FIG. 1 is a diagram showing a schematic configuration and an operation principle of a sample stage of the present application.

FIG. 2 is a diagram showing a schematic configuration and operation principle of a conventional sample stage.

FIG. 3 is a diagram showing a configuration in which x fine movement is placed on a sample holder sheath on the sample stage of the present application.

FIG. 4 is a diagram illustrating this configuration by x fine movement.

FIG. 5 is a diagram showing a positional relationship between a y, z actuator and a return spring when the sample is tilted at a large angle.

FIG. 6 is a diagram showing a force relationship between a y, z actuator and a return spring when the sample is tilted at a large angle.
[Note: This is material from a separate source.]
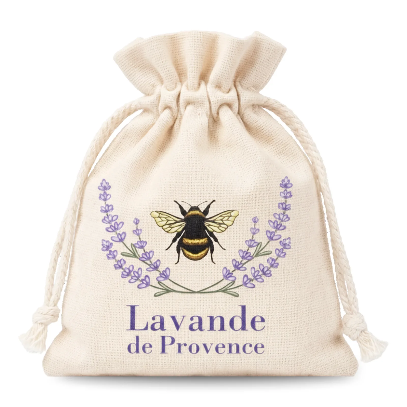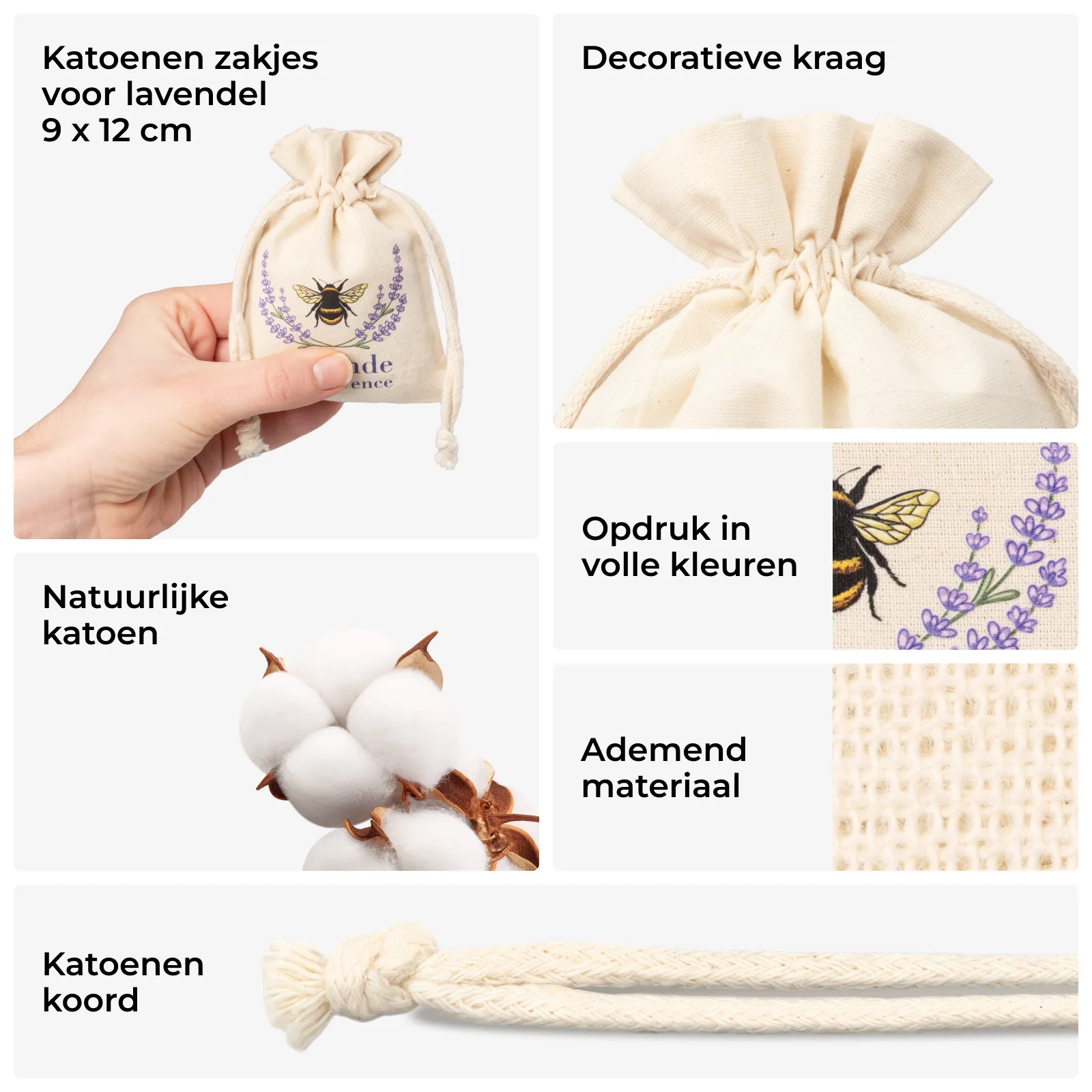 De zakjes zijn gemaakt van 100% katoen in een natuurlijke, beige tint. De stof heeft een licht grovere structuur, voelt prettig aan en is goed luchtdoorlatend, waardoor de zakjes doen denken aan klassieke, rustieke natuurlijke katoenen zakjes 9 x 12. De neutrale kleur vormt een rustige achtergrond voor de paarse lavendelprint met bij, waardoor de zakjes goed passen bij gedroogde lavendel, natuurlijke cosmetica en Provençaalse geschenksets.

FIG. 7 is a diagram showing a configuration of a y-return spring.

[Explanation of symbols]

1: sample holder, 2: sample holder sheath, 3: spherical seat,
4: rotating cylinder, 5: fine actuator, 6: pushback spring, 7: θ motor, 8: electron microscope body, 9: x
Fine movement lever, 10: sample, 11: adjustment mechanism for fine adjustment of rotary cylinder position, 12: rotary cylinder guide, 13: second spherical seat, 14: adjustment mechanism for fine adjustment of rotary cylinder guide position, 1
5: sample holder handle, 20: rotary motor, 21: gear A, 22: gear B, 23: holder pressing jig, 24: holder handle, 25: x fine movement pivot, 26: actuator, 27: x fine movement lever, 28: Lever fulcrum, 29: Push-back spring, 40: Fixed spring, 41: Spring tip, 42: Lever, 43: Weight

 ──────────────────────────────────────────────────の Continued on the front page (72) Inventor Masanari Takaguchi 1-280 Higashi Koigabo, Kokubunji-shi, Tokyo Inside the Central Research Laboratory, Hitachi, Ltd. Hitachi, Ltd. Central Research Laboratory (72) Inventor Ruriko Tsuneda 1-280 Higashi-Koigabo, Kokubunji-shi, Tokyo F-term in Central Research Laboratory, Hitachi, Ltd. 5C001 AA03 AA05 CC03

Claims (3)

[Claims] 1. A sample stage for inserting a sample into an electron microscope and controlling a position and an angle of the sample with respect to an electron beam, and transmitting a force of a sample holder for holding the sample and a rotation mechanism to the sample holder. A rotating member, a first spherical seat for guiding the operation of rotating the sample holder, a fine movement function fixed on the rotating member and adjusting a relative position between the rotating member and the sample holder, and rotation of the rotating member A first adjusting function of moving the position of the rotating member in a plane perpendicular to the rotation axis in order to adjust a relative position between the shaft and the center of the spherical seat of the first spherical seat; A sample stage for an electron microscope, comprising: a second spherical seat for changing an angle of attachment to a microscope body and a position of the rotation axis; and a second adjustment function for adjusting an angle. 2. The sample stage for an electron microscope according to claim 1, wherein the sample holder is finely moved in the direction of the rotation axis, and is fixed on the rotating member while being in direct contact with the sample holder via an intermediate member. A sample stage for an electron microscope, comprising a fine movement mechanism capable of adjusting a relative position between the rotating member and the sample holder. 3. The fine movement mechanism according to claim 1, wherein the sample holder is fixed by a spring mechanism and a device for generating an electric translational movement on the rotating member, and the spring mechanism has a weight. A sample stage for an electron microscope, characterized in that a gravity caused by the weight is added to the spring via an intermediate member, so that a spring force is variable depending on a direction of a spring mechanism with respect to a direction of gravity.